# Parsimonious Models

## Package Imports

Code to import some packages has been included below.  Feel free to import any additional packages that you need here, or later in the assignment.

In [1]:
import pandas as pd
import matplotlib.pyplot as plt
import seaborn as sns; sns.set()
from scipy.stats import norm
from scipy.stats import t
import statsmodels.api as sm
import statsmodels.formula.api as smf

<hr>

## <u>Case Study</u>: Predicting Airbnb Superhost Status

Suppose that you have a spare room in your house (in Seattle) and you are considering advertising this room to guests on Airbnb. Airbnb superhosts are considered to be experienced hosts who provide a shining example for other hosts, and extraordinary experiences for their guests. Once a host reaches Superhost status, a superhost badge will automatically appear on their listing and profile to help guests identify them. You would like to assess your chances of being named a superhost with your property.

The following dataset is a sample (assume random) of available Airbnb listings in Seattle, WA. These listings were collected in January 2016, and filtered to just contain listings from the five most popular Seattle neighborhoods (for Airbnb listings) and just contain listings that are either in a house or apartment property.

This dataset contains the following variables.

**Listing Information**
The dataset contains the following information about the Airbnb *listing*:
* <u>price</u>: price of the listing (per night)(in US dollars)
* <u>review_scores_rating</u>: the average rating of the listing [0,100] (100 is the best)
* <u>number_of_reviews</u>: the number of reviews for the listing
* <u>security_deposit</u>: the security deposit required for the listing (in US dollars)
* <u>cleaning_fee</u>: the cleaning fee required for the listing (in US dollars)
* <u>neighborhood</u>: the neighborhood of Seattle the listing is located in
* <u>property_type</u>: is the listing in a 'House' or 'Apartment'
* <u>room_type</u>: is the listing a 'Entire home/apt', 'Private room', or 'Shared room'
* <u>accommodates</u>: how many guests will the listing accommodate
* <u>bathrooms</u>:how many bathrooms does the listing have
* <u>beds</u>: how many beds does the listing have

**Host Information**
The dataset also contains the following information about the *host* of the given Airbnb listing:
* <u>host_is_superhost</u>: is the host a "superhost": t=True, f=False
* <u>host_has_profile_pic</u>: does the host have a profile pic in their bio: t=True, f=False
* <u>host_response_time</u>: how fast will the host respond to requests (on average)
* <u>host_acceptance_rate</u>: what percent of booking requests will the host accept


## 1. Model Searching 

We'd like to fit a parsimonious model to predict the **price** of an Airbnb in Seattle.

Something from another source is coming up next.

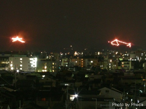 今日は五山送り火(大文字五山保存会のページに飛びます)。今日は五山(大文字、妙法、舟形、左大文字、鳥居)のうち、後ろの三つをみました。写真は舟形と左大文字。(鳥居は遠いのでうまく撮れなかった。。。)学生時代から、極力16日は京都にいてみるようにしていました。当時は貯水槽の上によじ登って見ましたっけ。。。これを観ると夏も終わるなぁと実感します。ま、京都は当分暑いんですけどね。。。

For this question, we will consider as possible predictors:
- **cleaning_fee**
- **room_type**
- **beds**
- **bathrooms**
- **host_acceptance_rate**
- **host_response_time**

For this question, you will perform backward elimination using adjusted $R^2$ as the metric.

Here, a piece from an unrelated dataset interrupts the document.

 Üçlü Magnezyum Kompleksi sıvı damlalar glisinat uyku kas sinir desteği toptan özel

From this output, you will be asked to report:
- the baseline level for the variable host_response_time
- the first variable removed from the model
- the number of distinct models fit
- the number of possible models you could fit
- the optimal adjusted $R^2$
- and other, theoretical questions.

In [2]:
df = pd.read_csv('seattle_airbnb_listings_cleaned.csv')

In [3]:
mod1 = smf.ols('price~cleaning_fee+room_type+beds+bathrooms+host_acceptance_rate+host_response_time', data=df).fit()
mod1.summary()

0,1,2,3
Dep. Variable:,price,R-squared:,0.464
Model:,OLS,Adj. R-squared:,0.449
Method:,Least Squares,F-statistic:,31.61
Date:,"Wed, 03 May 2023",Prob (F-statistic):,1.08e-39
Time:,19:14:19,Log-Likelihood:,-1910.0
No. Observations:,339,AIC:,3840.0
Df Residuals:,329,BIC:,3878.0
Df Model:,9,,
Covariance Type:,nonrobust,,

0,1,2,3,4,5,6
,coef,std err,t,P>|t|,[0.025,0.975]
Intercept,88.4181,99.754,0.886,0.376,-107.819,284.655
room_type[T.Private room],-53.9800,11.587,-4.659,0.000,-76.775,-31.185
room_type[T.Shared room],-53.7469,15.005,-3.582,0.000,-83.264,-24.230
host_response_time[T.within a day],-4.6667,70.392,-0.066,0.947,-143.142,133.809
host_response_time[T.within a few hours],5.4227,69.455,0.078,0.938,-131.210,142.055
host_response_time[T.within an hour],-5.6033,69.242,-0.081,0.936,-141.817,130.610
cleaning_fee,0.5392,0.121,4.468,0.000,0.302,0.777
beds,13.6743,4.114,3.324,0.001,5.581,21.767
bathrooms,40.5366,8.806,4.604,0.000,23.214,57.859

0,1,2,3
Omnibus:,467.513,Durbin-Watson:,1.951
Prob(Omnibus):,0.0,Jarque-Bera (JB):,80135.686
Skew:,6.536,Prob(JB):,0.0
Kurtosis:,77.179,Cond. No.,2870.0


The adjusted R-squared value of this model 1 is 0.449.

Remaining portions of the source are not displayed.